Although well known in a certain sense, as shown for instance by the uninterrupted sales of his books since over fifty years, Diel’s work suffers from a striking deficit of acknowledgement in view of its major significance. One reason for this, but probably not the only one, should be found in the absence of academic affiliation in Diel’s work. A self-made scholar, Diel was only late in his life given the opportunity to become a professional scientist (through his admission to CNRS by Frédéric Joliot-Curie, under Albert Einstein’s recommendation). His primary task at that time was to complete and publish his main books, leaving little time to engage in a formal promotion of his ideas towards the university of his time. The latter, in France strongly bipolarized ideologically into materialist marxism and spiritualist judeo-christianism, was anyway very reluctant to consider his original approach. However, as new trends of thought are emerging nowadays with the momentum of evolutionary biology, and given the fact that Diel’s ideas build fundamentally an evolutionary understanding of psychic life as a biological phenomenon, we may expect at last fruitful recognitions in a near future.
To give only one example, we may refer to A. Damasio’s recent book [13], and his attempt to identify the somatic substrate of emotions, or to show that archaic neural structures devoted to the permanent evaluation of somatopsychic integrity do preside over decisional processes of vital value. In other terms, common sense would be closely connected to the individual’s ability to perceive the fulfillment of his vital needs. This neurobiological finding can be put in parallel with the superconscious function in Diel’s conception, in that the latter is an evolved form of the ability to orient the individual towards the fulfillment of his vital needs. The superconscious is evolved, and evolving, in the sense that rather to overcome vital dangers coming from the external world, it has to face the specific dangers created by the intensification of the inner world: the multiplication of exalted desires. As any psychic phenomenon, the superconscious does have a somatic and neural inscription, still to be precisely identified, but probably not too far from the systems studied by Damasio et al. [13].

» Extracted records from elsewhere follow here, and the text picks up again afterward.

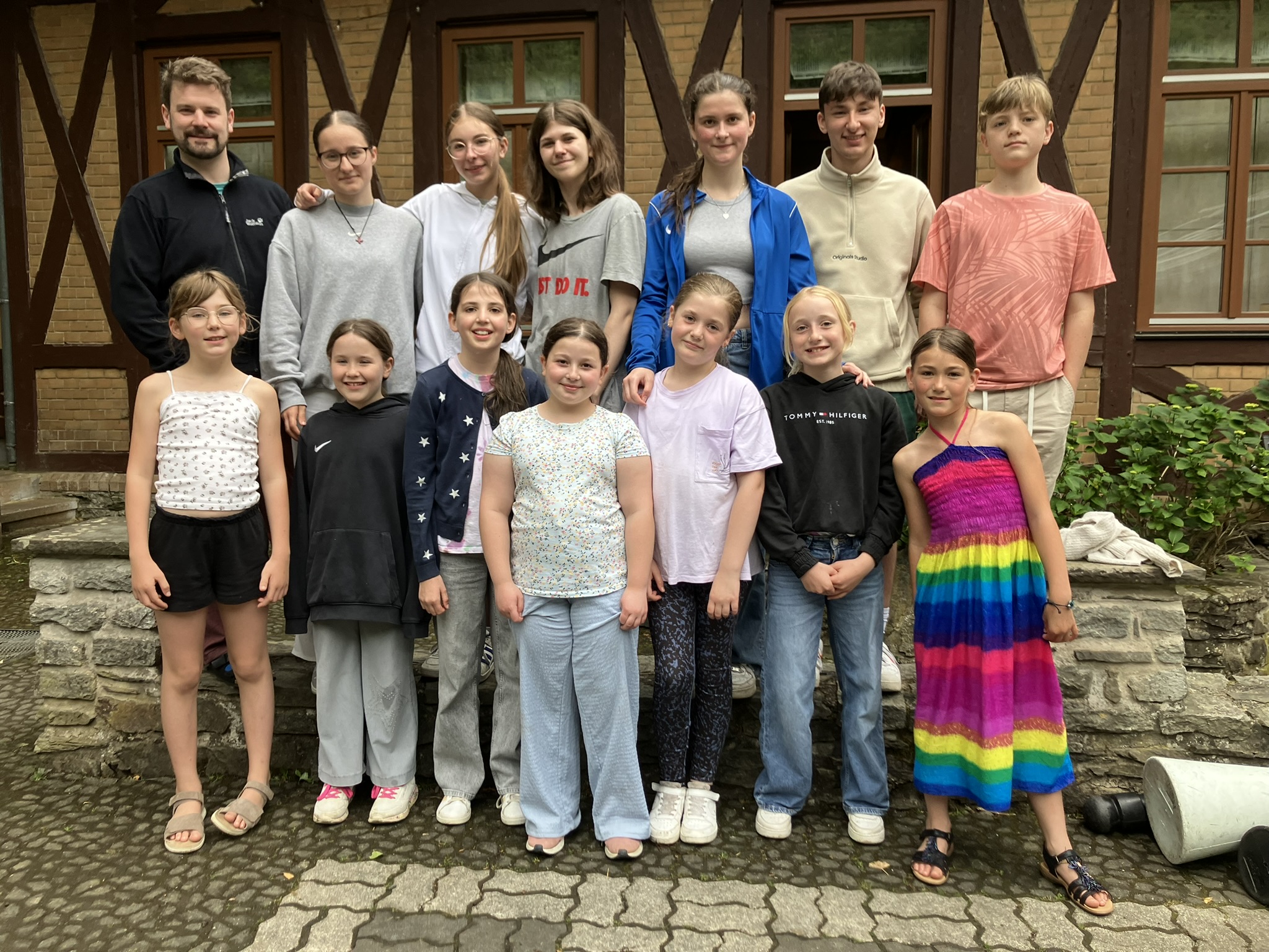 Bei uns wird nicht nur gesungen, sondern Musik mit dem ganzen Körper erlebt: mit Bewegung, Rhythmus und ganz viel Spaß. Unser Repertoire ist bunt gemischt – von ganz neuen bis zu ganz alten Liedern, von Kirchenliedern bis zu Liedern aus aller Welt. Immer wieder probieren wir Neues aus, sei es bei einer kleinen „Studioaufnahme“ eigener Stücke oder mit Body Percussion, bei der Klatschen, Stampfen und Schnipsen plötzlich zu Musik werden. So bleibt jede Probe lebendig und abwechslungsreich.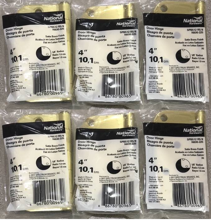 Door Hinge 4", Full-Mortise, Steel, Satin Brass, National Hardware N830-225 (6-PACK)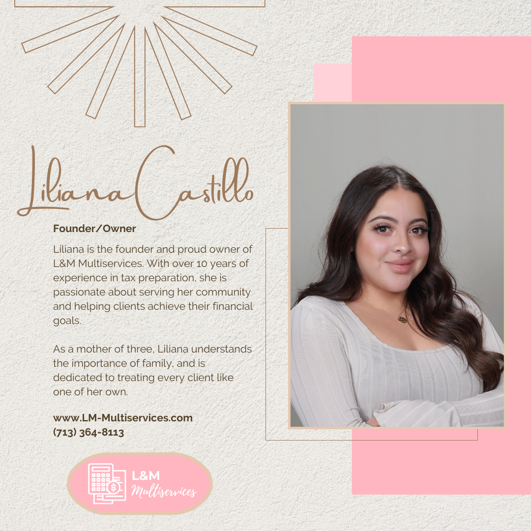 Hey there! I'm Liliana Castillo, and I'm thrilled to welcome you to L&M Multiservices, your friendly neighborhood tax hub!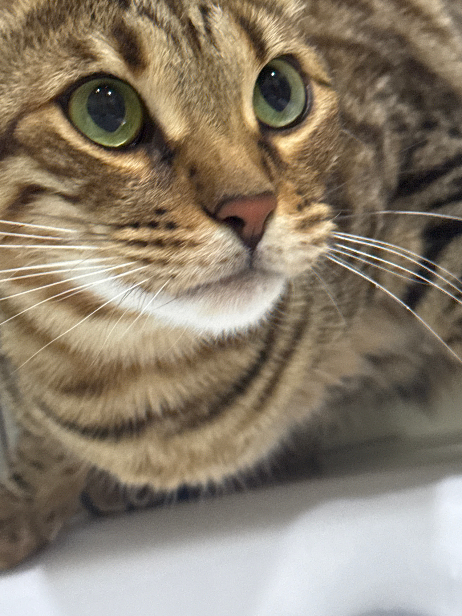 Close-up, tilted view of a brown tabby cat with green eyes. The cat is looking upwards with visible whiskers. The background is indistinct. There is no evidence to suggest this image was taken in Votk…read more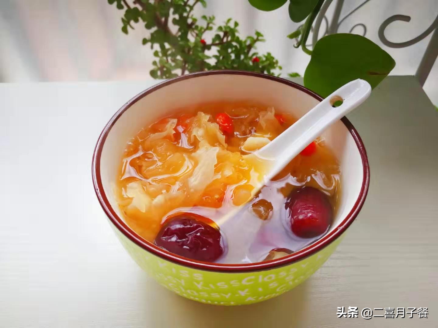 食材:干银耳15克、百合干10克、红枣5颗、枸杞一把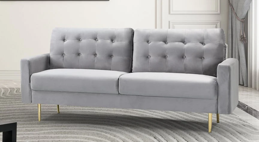 The Almeda is a mid-century style sofa with a modern twist. Covered in a rich velvet, the Almeda is the perfect combination of scandi design and modern materials. This unique sofa is finished with Brass effect tapered legs and a quilted backrest. Roomy yet compact the Almeda is the perfect way to transform your living room.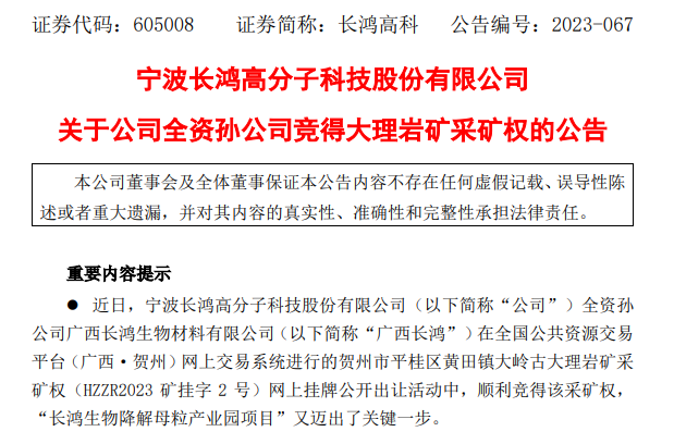 廣西長鴻高科以1.398億元取得大理巖礦采礦權(quán)
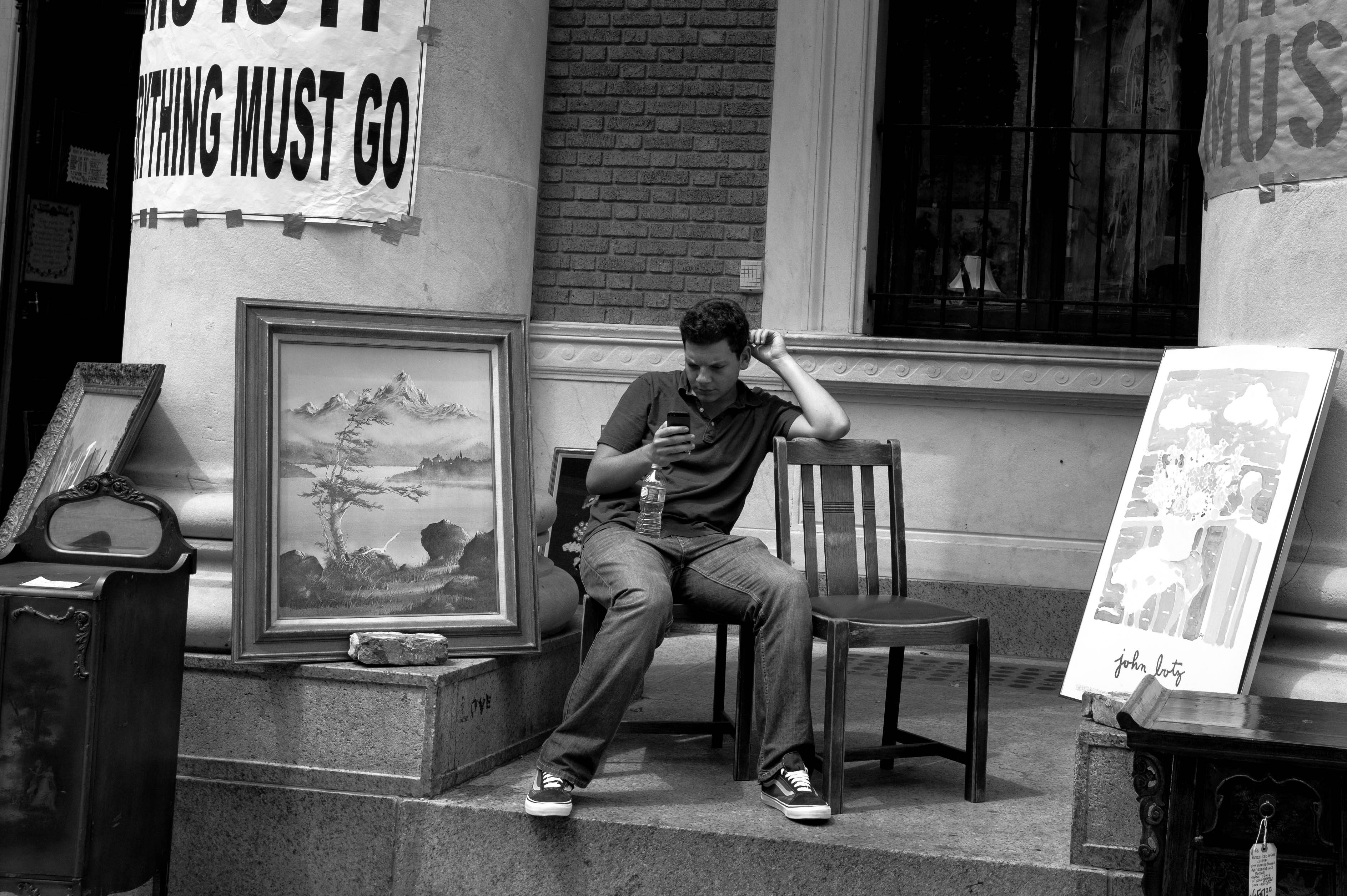 In a stark black-and-white setting, a young man sits at the edge of a bustling sidewalk, engrossed in his phone amidst the chaos of sale signs and art pieces surrounding him. The contrast of the vibrant world of art next to his solitary focus evokes a sense of introspection and detachment. Efforts to clear the space for new experiences whisper through the 'Nothing Must Go' banner overhead, symbolizing transition and the bittersweet nature of change.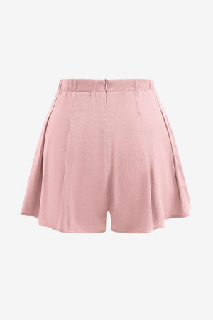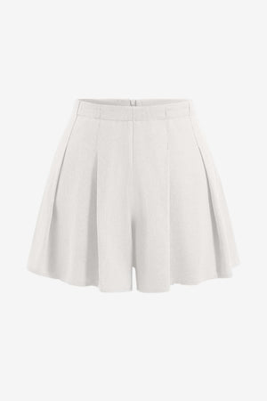 These high-waisted pleated shorts feature a defined upper fit combined with a flared lower profile. Designed for warm-weather use, they offer a tailored shape with pleats that introduce volume and visual continuity. The design combines structured function with soft-edge details suitable for varied settings.- High-rise waist: Includes a fitted upper portion that supports a defined silhouette around the waist.

We can foresee rich possibilities of cross-fertilization between neurobiology and Dielian psychology, with considerable prospects of therapeutic progress both from the medicinal and spiritual re-education standpoints. Because a unitary biogenetic understanding of psychic life, and of the conditions of its sane formation and insane deformation, will have also considerable sociological impacts, we expect that a renewed interest would not remain confined to specialized fields but would rather span across the entire intellectual life on a global scale.